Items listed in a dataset

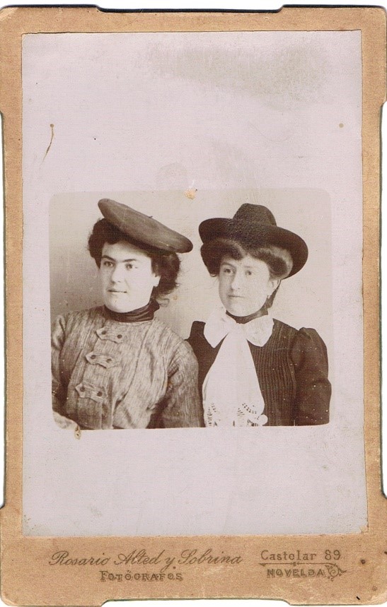 Y, por último, Rosario Alted y Sobrina, de Novelda, vinculadas familiarmente a los Belda, son el caso más emprendedor de dos mujeres fotógrafas establecidas en nuestras tierras y de las que ha quedado muy pocas huellas de su trabajo que pensamos, fue bastante efímero.
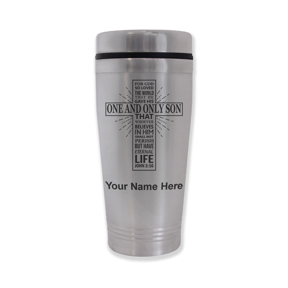 Commuter Travel Mug, Bible Verse John 3-16, Personalized Engraving Included
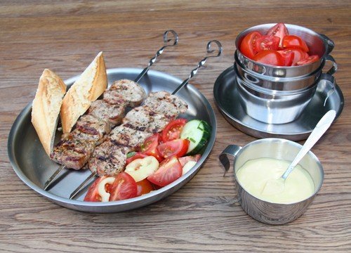 Každý zná tu otravu, když se mu při grilování otáčí na grilovací jehle napíchané potraviny - jedna strana je spálená a druhá nedodělaná. Tento nedostatek běžně dostupných jehel jsme odstranili tím, že je vyrábíme z ploché nerezové oceli. Aby se potraviny snadno napichovaly a aby se jehly jednoduše umývaly je jejich povrch vyleštěný do vysokého lesku. Při používání buďte opatrní, hroty jehel jsou velmi ostré.
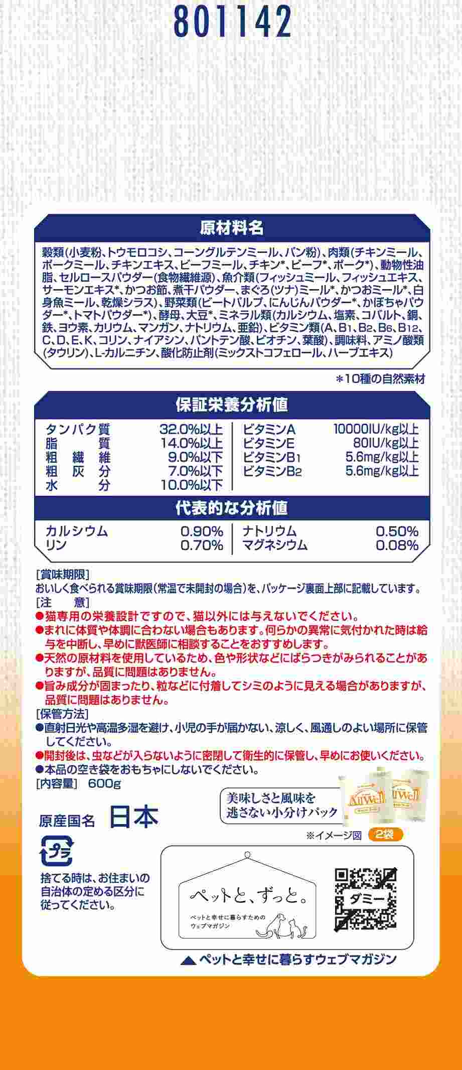 ・食事の吐き戻しを軽減し、10種の自然素材と栄養を! ・10種の自然素材 チキン・ポーク・ビーフ/まぐろ・かつお・サーモン/かぼちゃ・にんじん・トマト/大豆 配合。 ・高たんぱく設計で筋肉の健康維持(室内猫用比約105%)。L-カルニチン配合。 ・猫が大好きなサーモンとツナの旨みが詰まった粒に、挽き小魚をまぶした高い嗜好性
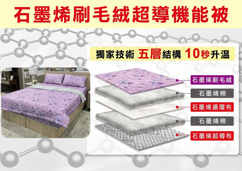 成分/表布:100%聚酯纖維(內含石墨烯纖維)
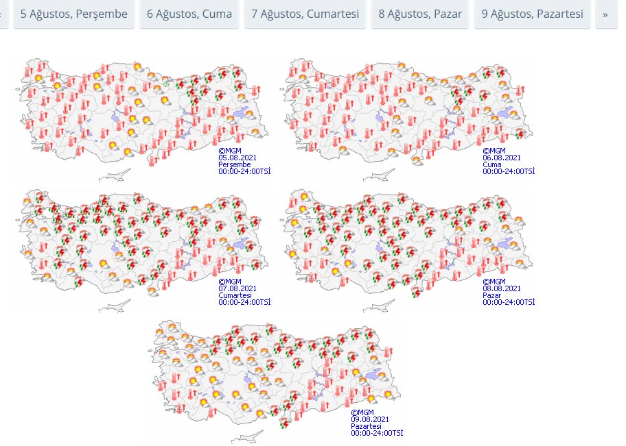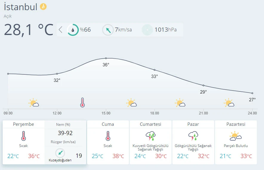 Meteoroloji Genel Müdürlüğü tarafından yapılan son değerlendirmelere göre; ülkenin doğu kesimlerinin parçalı ve yer yer çok bulutlu, Doğu Karadeniz, Doğu Anadolu'nun kuzeyi, Ordu çevreleri ile Ağrı'nın güney, Van'ın doğu ve Hakkari'nin kuzey kesimlerinin yerel olmak üzere sağanak ve gök gürültülü sağanak yağışlı, diğer yerlerin az bulutlu ve açık geçeceği tahmin ediliyor.
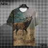 3d Animal Print Men's T-Shirt Deer Pattern Tops Fashion Street Short Sleeve Crew Neck Pullover Oversized Men's Clothing
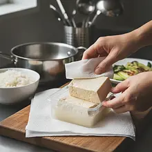 Wyjmij tofu z opakowania i delikatnie osusz je ręcznikiem papierowym. Połóż blok tofu na desce do krojenia wyłożonej 2-3 warstwami ręcznika papierowego. Przykryj tofu kolejnymi warstwami ręcznika, a na wierzchu umieść coś ciężkiego, np. grubą książkę lub patelnię żeliwną. Pozostaw pod obciążeniem na minimum 30 minut. Ten proces, zwany prasowaniem, usuwa nadmiar wody, co sprawi, że tofu będzie bardziej zwarte i chrupiące po usmażeniu.
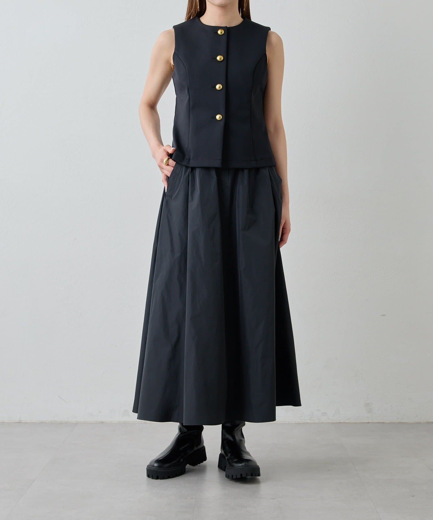 ■マイクロタフタを使用した軽やかなギャザースカート。
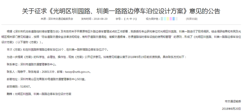深圳新聞網(wǎng)8月20日訊(記者 涂勝)8月20日下午,深圳市交委發(fā)布消息稱(chēng),光明新區(qū)擬設(shè)置“宜停車(chē)”泊位,位于圳園路和圳美一路,共設(shè)43個(gè)泊位。
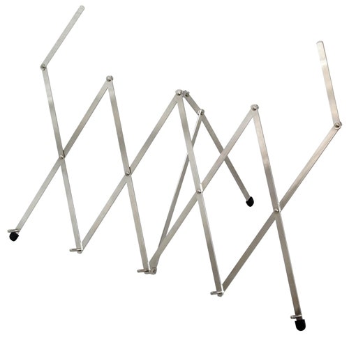Table Music Stand - Nickel- Colored. Expandable, folding table-top music stand with sheet music retainers.
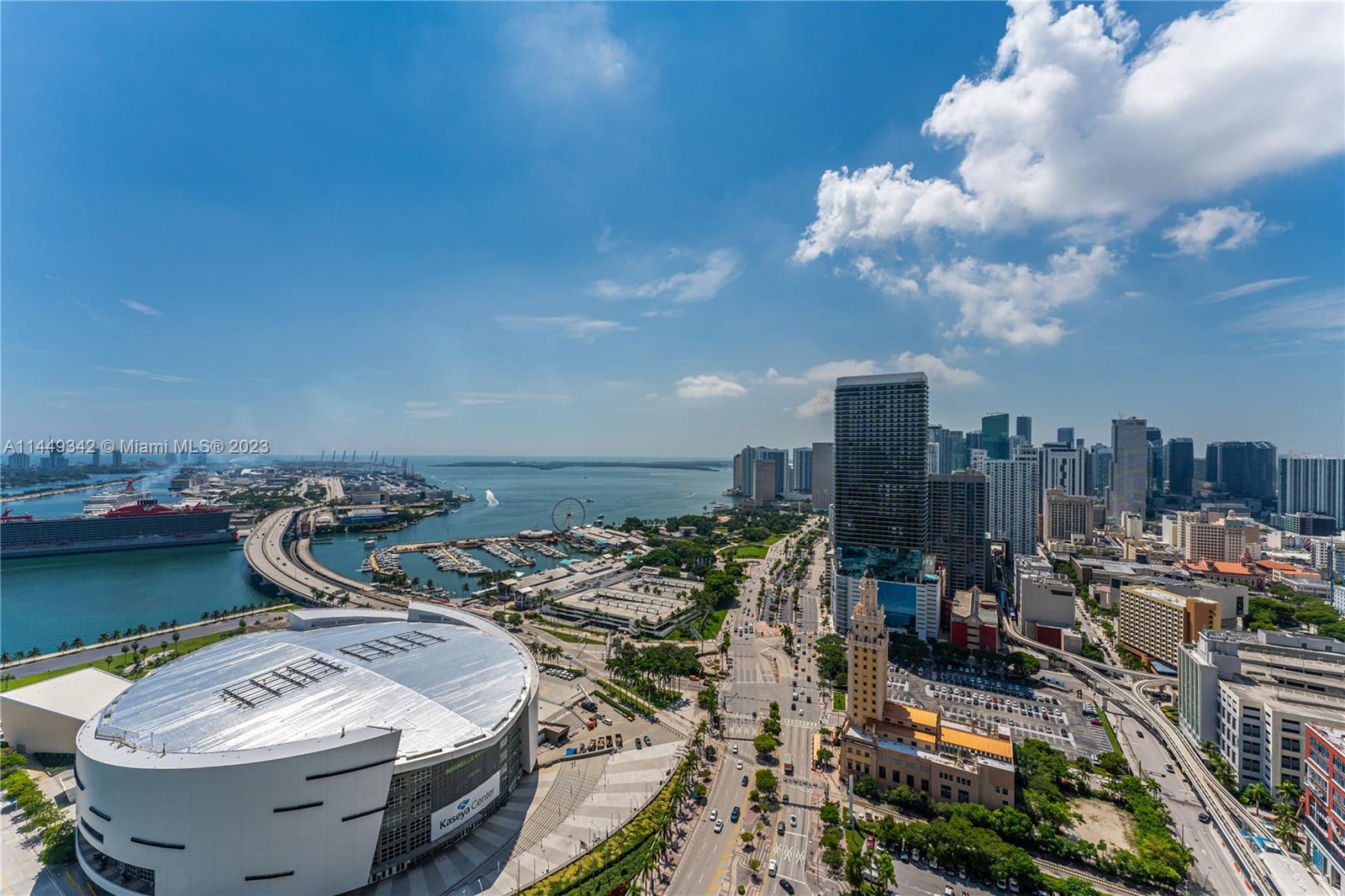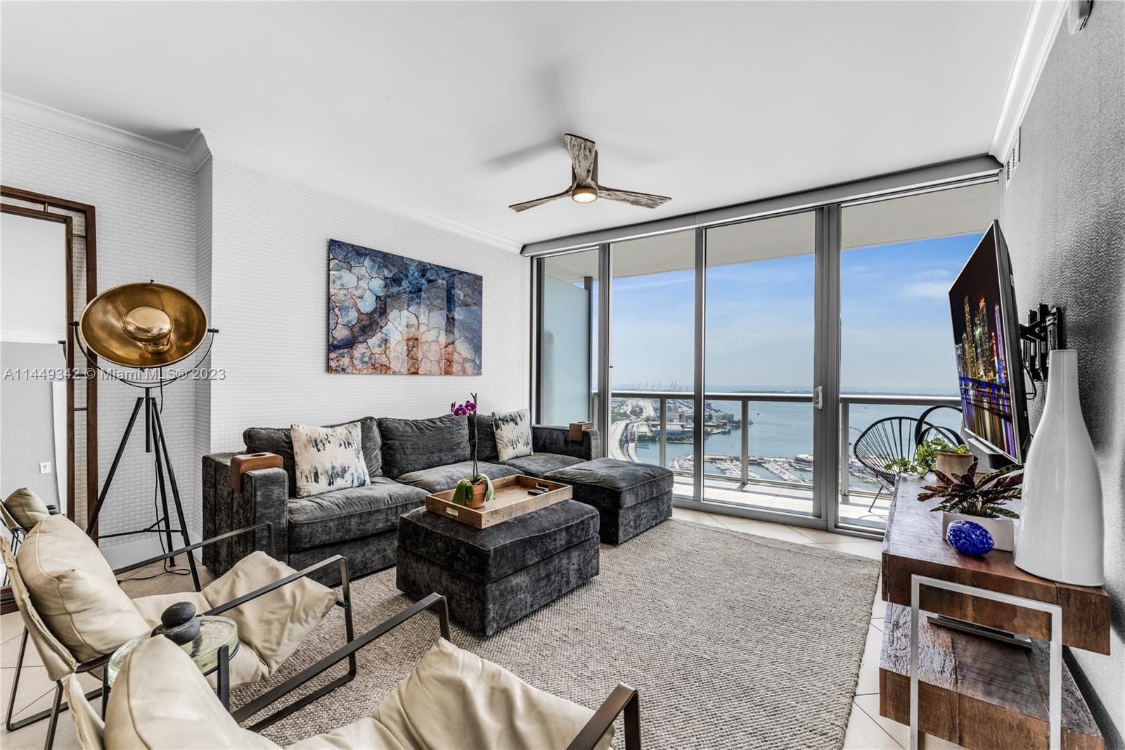 Experience modern luxury in this upgraded 1-bed, 1.5-bath condo with a den and Bay views. 2023 AC, upgraded bedroom flooring, blackout blinds, a spacious kitchen island, updated cabinets, new hardware, and a modern refrigerator. Elegant touches like wallpaper accents and updated lighting fixtures create a welcoming ambiance. Den adds versatility, and closet buildouts enhance storage. Prime location within Miami Worldcenter, where the city's finest dining, shopping, and entertainment are at your fingertips. Enjoy the vibrant lifestyle of this world-class destination, right in your backyard. Whether you're looking for a comfortable home or an investment property, this condo has it all. Washer/dryer in unit, 1 parking spot, and storage cage. First contract cancelled due to buyers financing
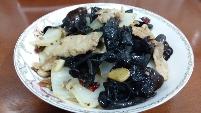纯瘦猪肉250g;洋葱半个;木耳适量;
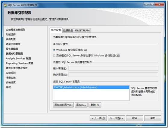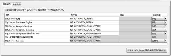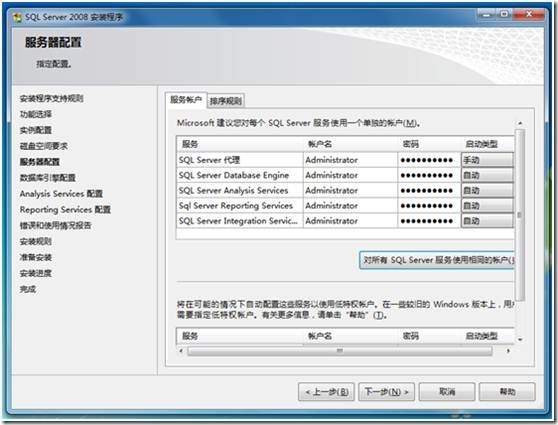 如圖1-13所示,在服務(wù)器配置中,需要為各種服務(wù)指定合法的賬戶。注意:這里需要根據(jù)用戶實際需求做出調(diào)整,本文沒有深入研究用戶設(shè)置的影響,統(tǒng)一使用一個用戶“Administrator”,由此產(chǎn)生的影響在以后的日志中會補(bǔ)充說明。
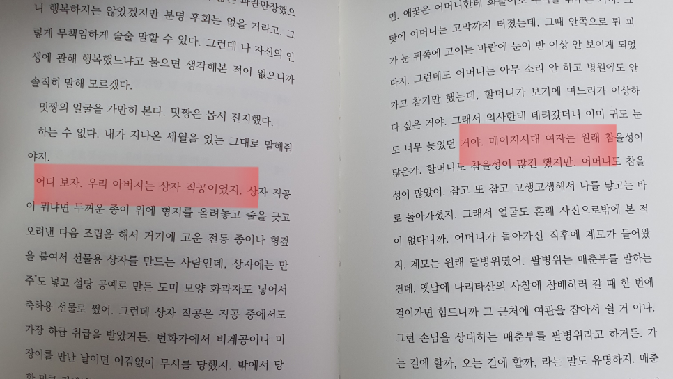 이 소설은 치매를 않고 있는 주인공이 과거의 삶을 회상하는 이야기입니다. 저자가 돌봄 일을 하면서 겪은 경험들을 토대로 하기에 더욱더 탄탄한 이야기가 되지 않았나 생각합니다. 실제로는 다양한 사람들의 이야기를 한 사람의 이야기로 뭉쳤으니 수많은 에피소드들의 집합체라고 할 수 있지 않을까 합니다.
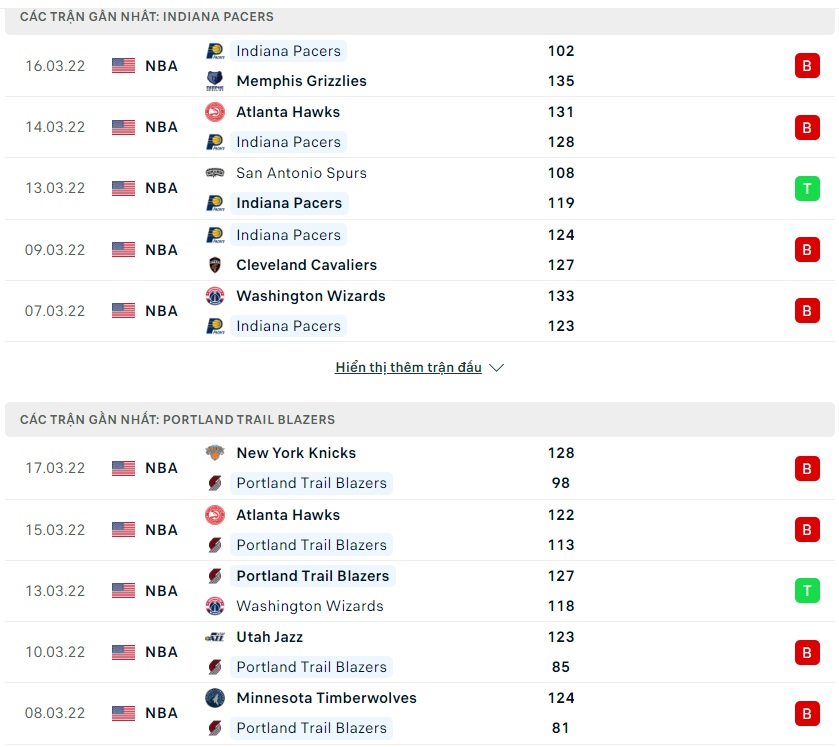 Phong độ gần đây Indiana Pacers vs Portland Trail Blazers
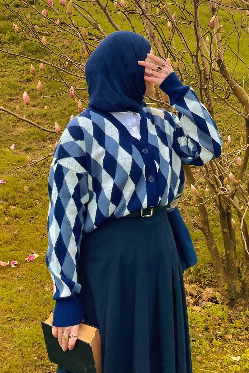 Şıklığı ve rahatlığı bir arada sunan Baklava Desenli Triko Hırka, her garderopa zarif dokunuş katar.

## Work instruction
Both the line containing "3d Animal Print" and the line containing "Wyjmij tofu z" above belong in the output, as do the lines between them. Print them exactly, without pictures.

## Answer for the task
 3d Animal Print Men's T-Shirt Deer Pattern Tops Fashion Street Short Sleeve Crew Neck Pullover Oversized Men's Clothing
 Wyjmij tofu z opakowania i delikatnie osusz je ręcznikiem papierowym. Połóż blok tofu na desce do krojenia wyłożonej 2-3 warstwami ręcznika papierowego. Przykryj tofu kolejnymi warstwami ręcznika, a na wierzchu umieść coś ciężkiego, np. grubą książkę lub patelnię żeliwną. Pozostaw pod obciążeniem na minimum 30 minut. Ten proces, zwany prasowaniem, usuwa nadmiar wody, co sprawi, że tofu będzie bardziej zwarte i chrupiące po usmażeniu.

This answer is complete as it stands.